Aim of the task. Your output should be everything below from the line containing "splendida bionda cougar" down to the line containing "NC commemorating the", both ends included, copied exactly, with pictures left out.

Source material.
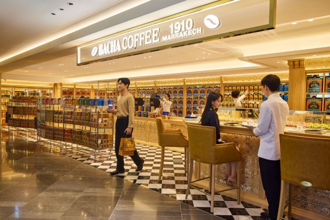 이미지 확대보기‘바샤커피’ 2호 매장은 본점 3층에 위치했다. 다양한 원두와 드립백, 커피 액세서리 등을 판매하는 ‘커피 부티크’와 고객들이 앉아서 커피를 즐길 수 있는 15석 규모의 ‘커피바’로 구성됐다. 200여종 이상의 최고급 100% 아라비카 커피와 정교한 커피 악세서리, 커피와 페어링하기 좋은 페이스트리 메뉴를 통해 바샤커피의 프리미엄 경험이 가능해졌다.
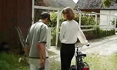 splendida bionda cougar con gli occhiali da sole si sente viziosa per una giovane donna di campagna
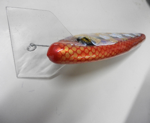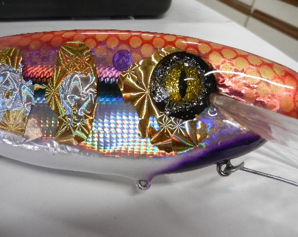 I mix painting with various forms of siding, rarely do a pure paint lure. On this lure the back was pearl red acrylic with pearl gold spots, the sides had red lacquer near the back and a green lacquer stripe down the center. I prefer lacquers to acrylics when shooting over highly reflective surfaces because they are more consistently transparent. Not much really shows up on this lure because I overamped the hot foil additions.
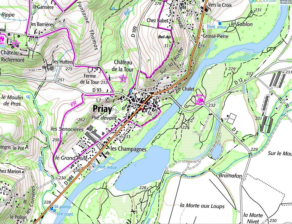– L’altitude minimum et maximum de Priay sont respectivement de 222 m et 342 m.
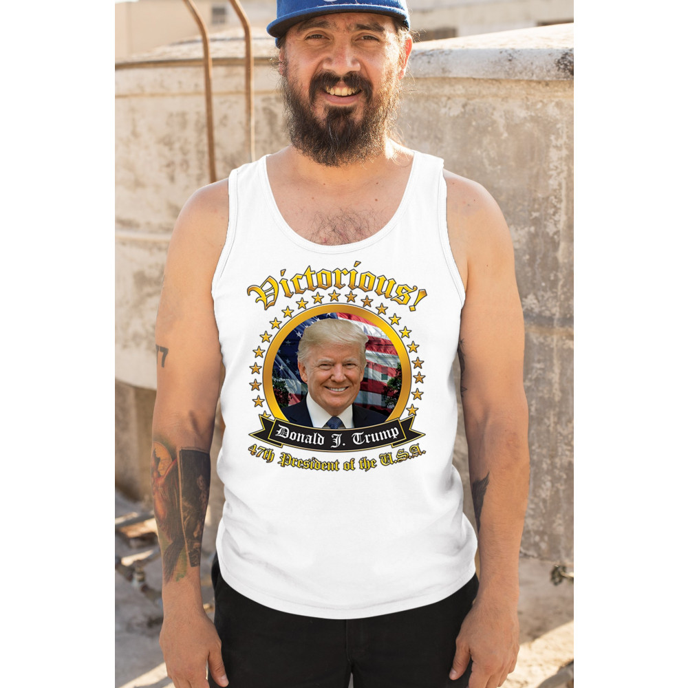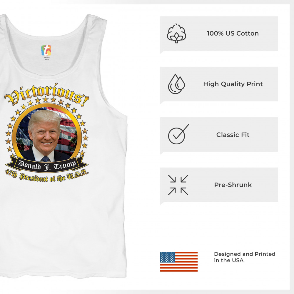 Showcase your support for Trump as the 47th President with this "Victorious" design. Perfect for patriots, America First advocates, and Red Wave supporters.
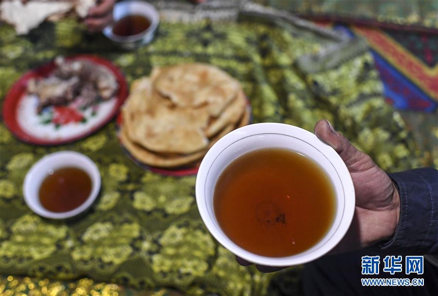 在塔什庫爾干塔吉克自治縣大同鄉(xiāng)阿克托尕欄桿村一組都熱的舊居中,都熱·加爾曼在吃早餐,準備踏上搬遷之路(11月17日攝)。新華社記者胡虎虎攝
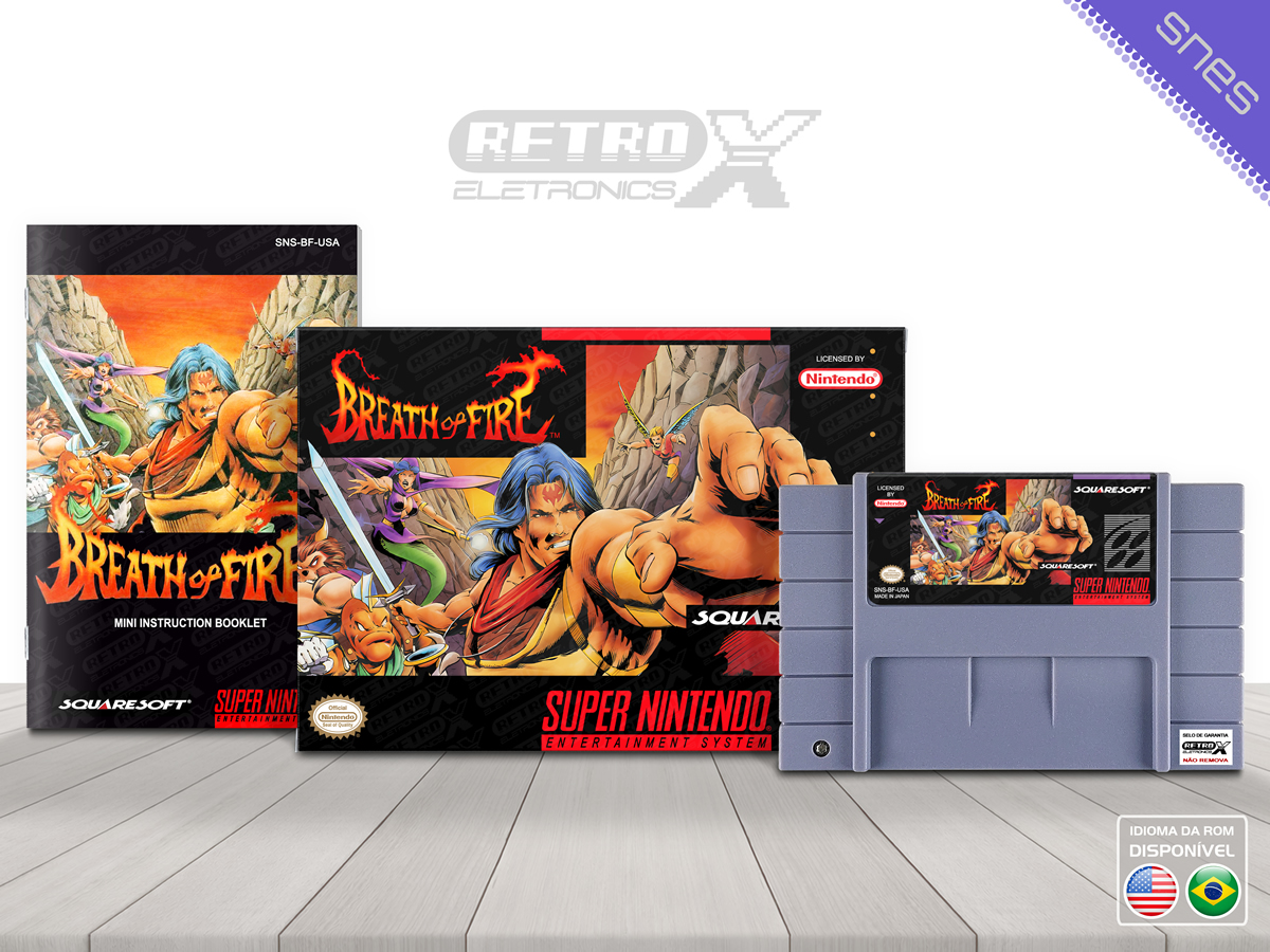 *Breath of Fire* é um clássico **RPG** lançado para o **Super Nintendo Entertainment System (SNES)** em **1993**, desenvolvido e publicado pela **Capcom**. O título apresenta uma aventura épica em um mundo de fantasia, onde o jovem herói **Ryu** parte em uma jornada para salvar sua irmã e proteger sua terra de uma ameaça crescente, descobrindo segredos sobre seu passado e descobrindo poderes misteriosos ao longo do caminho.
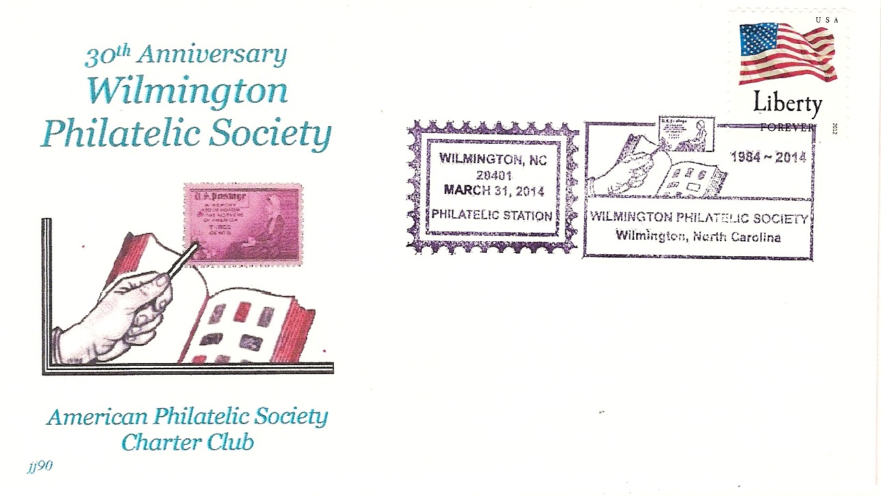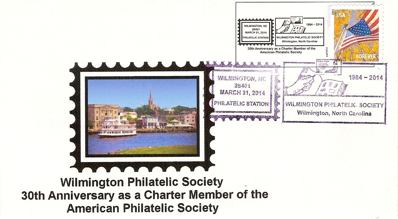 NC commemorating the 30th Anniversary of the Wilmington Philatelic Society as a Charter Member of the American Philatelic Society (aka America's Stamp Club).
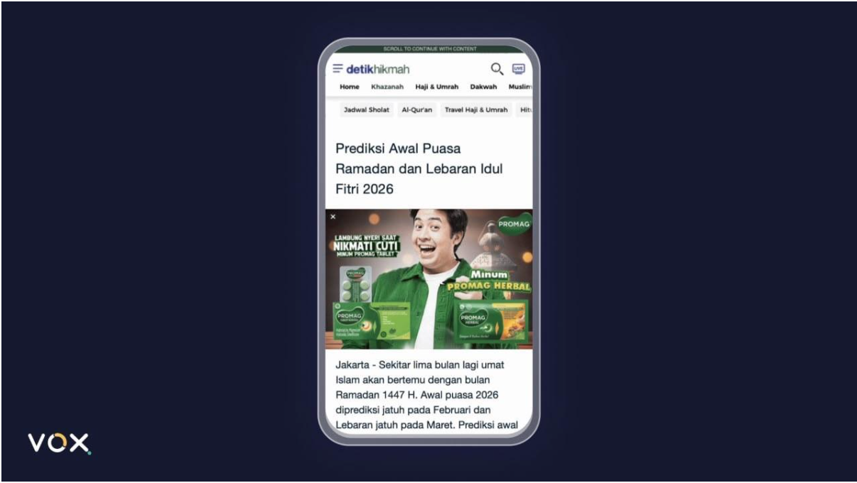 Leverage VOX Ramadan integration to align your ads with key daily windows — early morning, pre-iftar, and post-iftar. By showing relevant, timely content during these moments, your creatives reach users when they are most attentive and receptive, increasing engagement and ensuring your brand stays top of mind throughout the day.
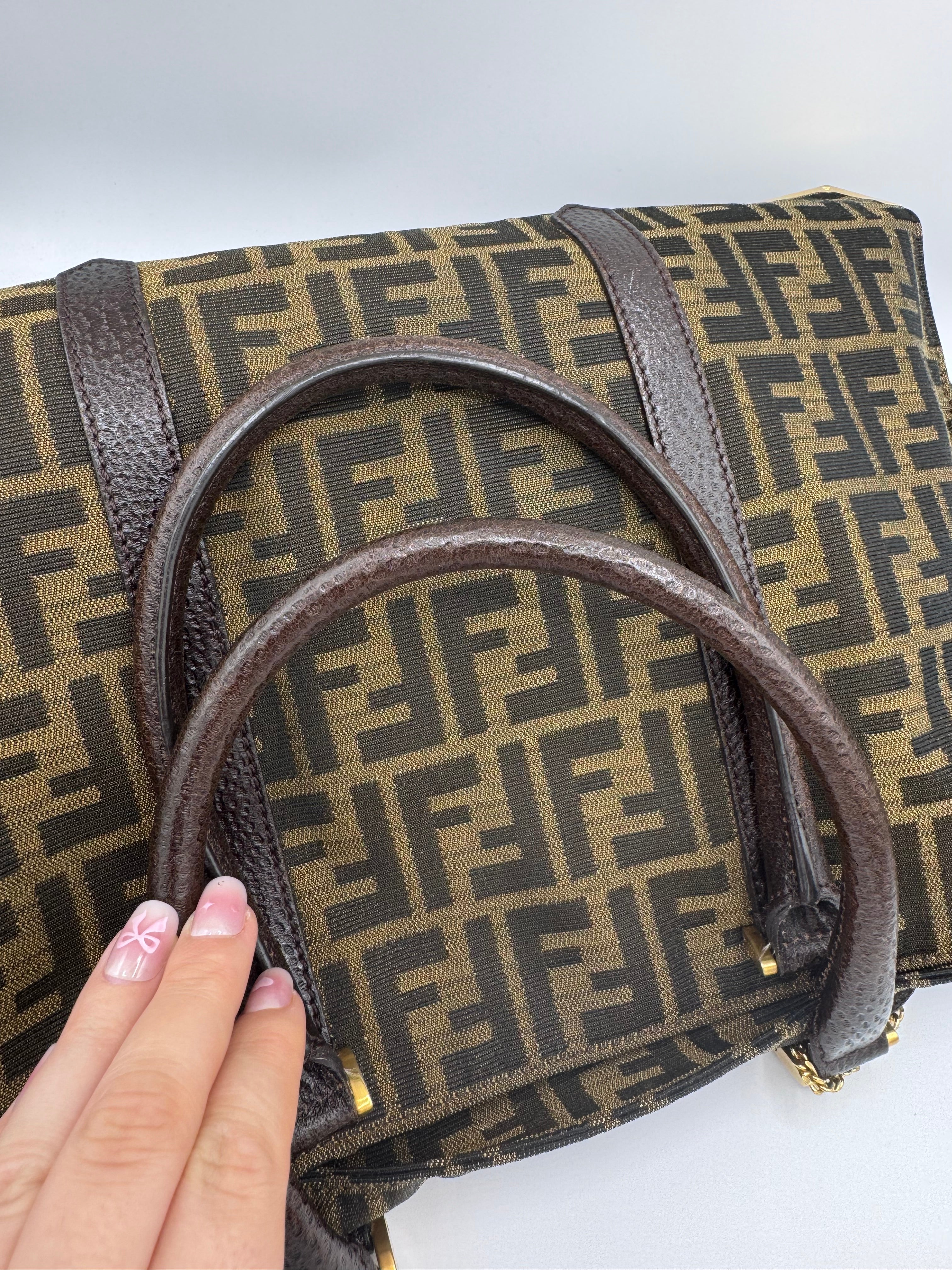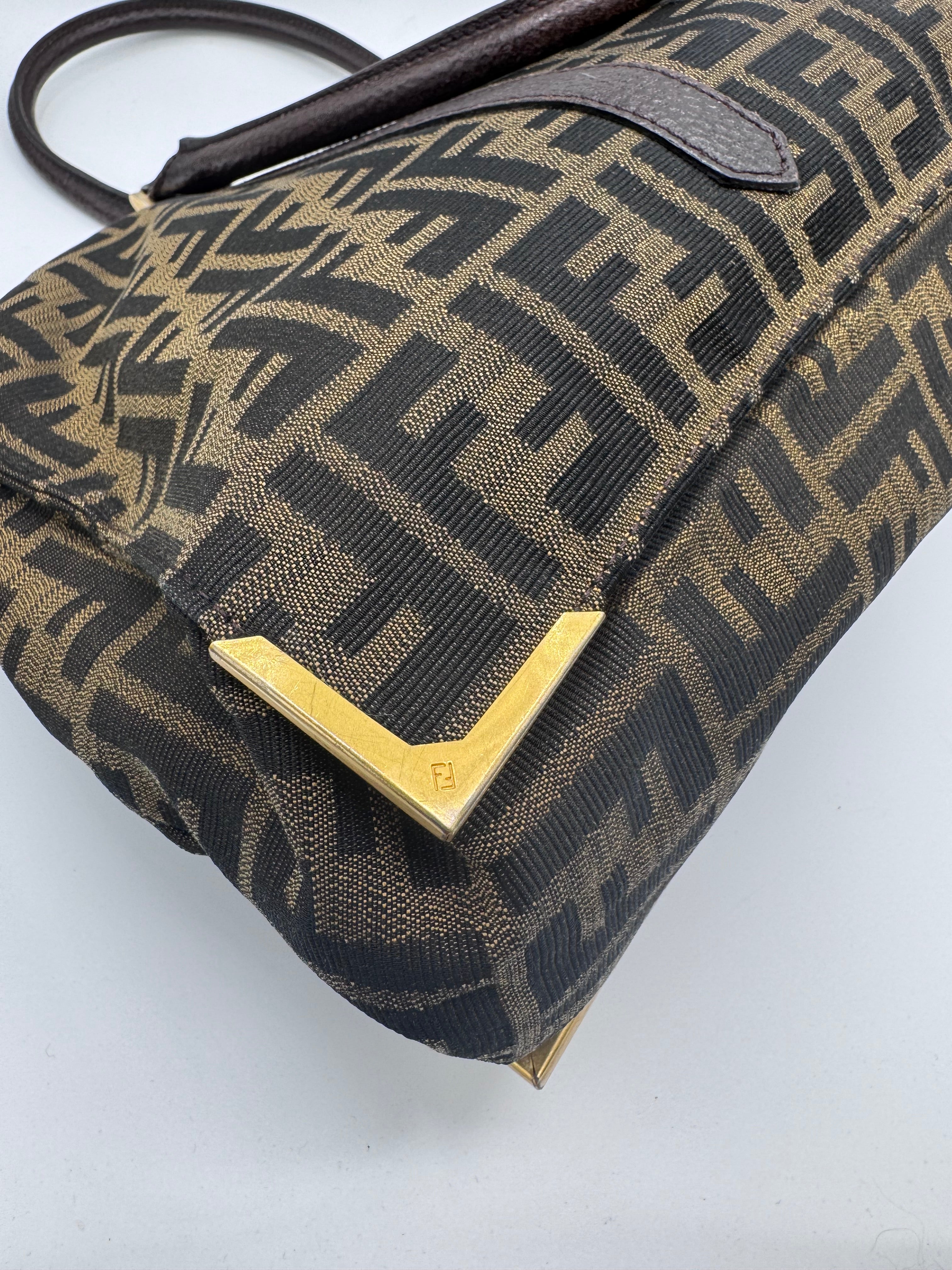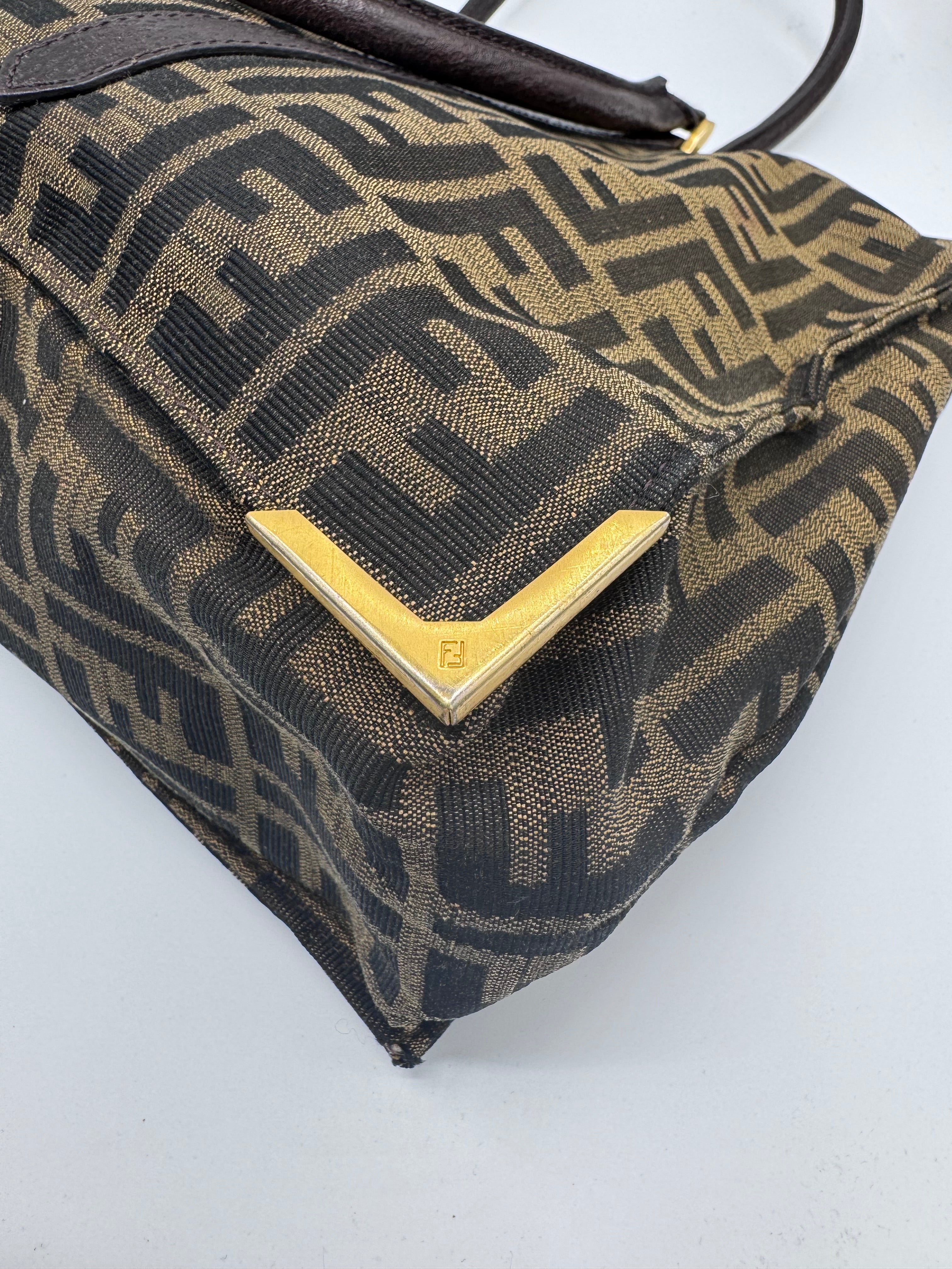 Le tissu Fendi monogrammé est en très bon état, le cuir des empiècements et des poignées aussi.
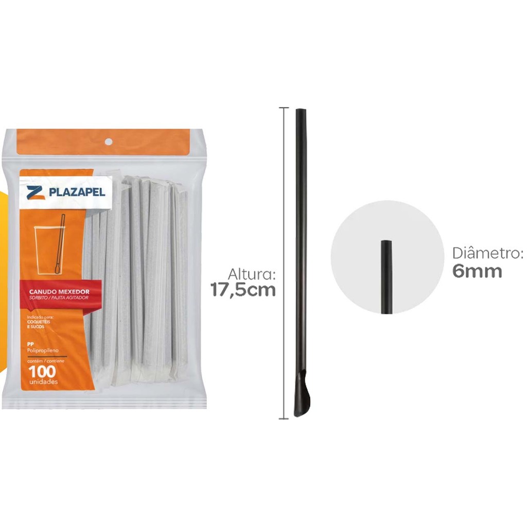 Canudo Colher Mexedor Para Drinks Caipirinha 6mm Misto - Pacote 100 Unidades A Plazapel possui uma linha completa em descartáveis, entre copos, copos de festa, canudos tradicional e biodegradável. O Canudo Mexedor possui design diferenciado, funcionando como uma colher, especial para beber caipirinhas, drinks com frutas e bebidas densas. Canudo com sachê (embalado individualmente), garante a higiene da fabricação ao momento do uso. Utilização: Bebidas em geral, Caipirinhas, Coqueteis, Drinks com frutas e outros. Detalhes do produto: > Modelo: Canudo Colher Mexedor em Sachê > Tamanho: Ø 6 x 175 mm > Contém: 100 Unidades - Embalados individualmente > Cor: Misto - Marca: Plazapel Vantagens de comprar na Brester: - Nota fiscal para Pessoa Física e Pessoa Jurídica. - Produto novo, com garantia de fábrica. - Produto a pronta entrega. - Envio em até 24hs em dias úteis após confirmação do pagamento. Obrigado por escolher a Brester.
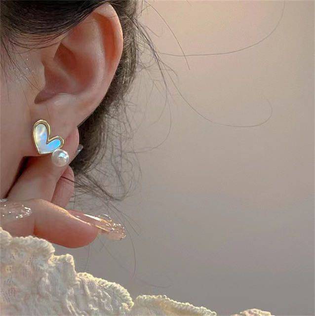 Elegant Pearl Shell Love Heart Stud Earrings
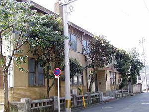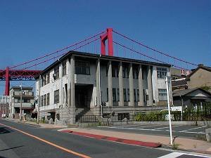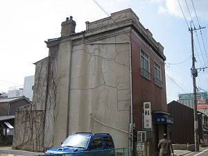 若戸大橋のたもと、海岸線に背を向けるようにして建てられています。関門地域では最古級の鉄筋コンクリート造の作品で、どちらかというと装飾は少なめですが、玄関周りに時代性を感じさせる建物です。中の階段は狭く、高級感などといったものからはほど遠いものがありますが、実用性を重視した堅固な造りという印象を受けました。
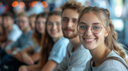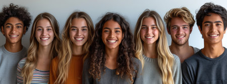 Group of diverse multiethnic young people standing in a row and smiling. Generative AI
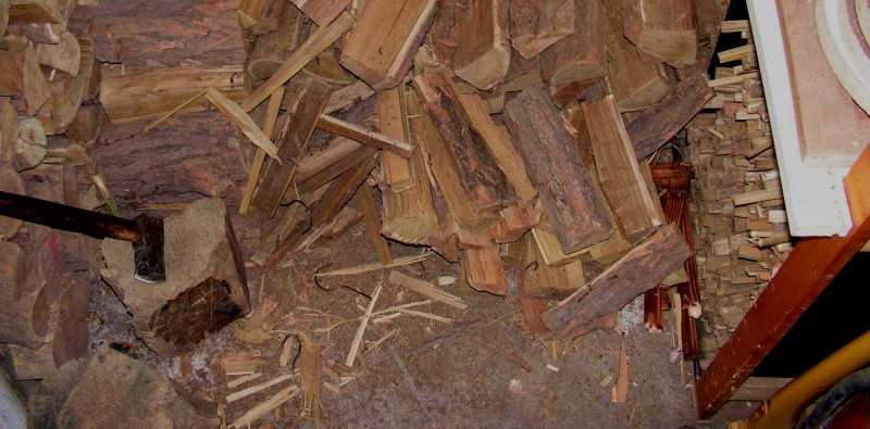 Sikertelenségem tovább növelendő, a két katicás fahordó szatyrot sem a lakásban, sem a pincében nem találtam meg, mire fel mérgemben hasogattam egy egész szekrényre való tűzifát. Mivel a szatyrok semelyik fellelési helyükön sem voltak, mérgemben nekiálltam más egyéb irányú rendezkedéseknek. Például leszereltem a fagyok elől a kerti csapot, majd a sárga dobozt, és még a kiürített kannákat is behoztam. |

Answer space.
 splendida bionda cougar con gli occhiali da sole si sente viziosa per una giovane donna di campagna
 I mix painting with various forms of siding, rarely do a pure paint lure. On this lure the back was pearl red acrylic with pearl gold spots, the sides had red lacquer near the back and a green lacquer stripe down the center. I prefer lacquers to acrylics when shooting over highly reflective surfaces because they are more consistently transparent. Not much really shows up on this lure because I overamped the hot foil additions.
– L’altitude minimum et maximum de Priay sont respectivement de 222 m et 342 m.
 Showcase your support for Trump as the 47th President with this "Victorious" design. Perfect for patriots, America First advocates, and Red Wave supporters.
 在塔什庫爾干塔吉克自治縣大同鄉(xiāng)阿克托尕欄桿村一組都熱的舊居中,都熱·加爾曼在吃早餐,準備踏上搬遷之路(11月17日攝)。新華社記者胡虎虎攝
 *Breath of Fire* é um clássico **RPG** lançado para o **Super Nintendo Entertainment System (SNES)** em **1993**, desenvolvido e publicado pela **Capcom**. O título apresenta uma aventura épica em um mundo de fantasia, onde o jovem herói **Ryu** parte em uma jornada para salvar sua irmã e proteger sua terra de uma ameaça crescente, descobrindo segredos sobre seu passado e descobrindo poderes misteriosos ao longo do caminho.
 NC commemorating the 30th Anniversary of the Wilmington Philatelic Society as a Charter Member of the American Philatelic Society (aka America's Stamp Club).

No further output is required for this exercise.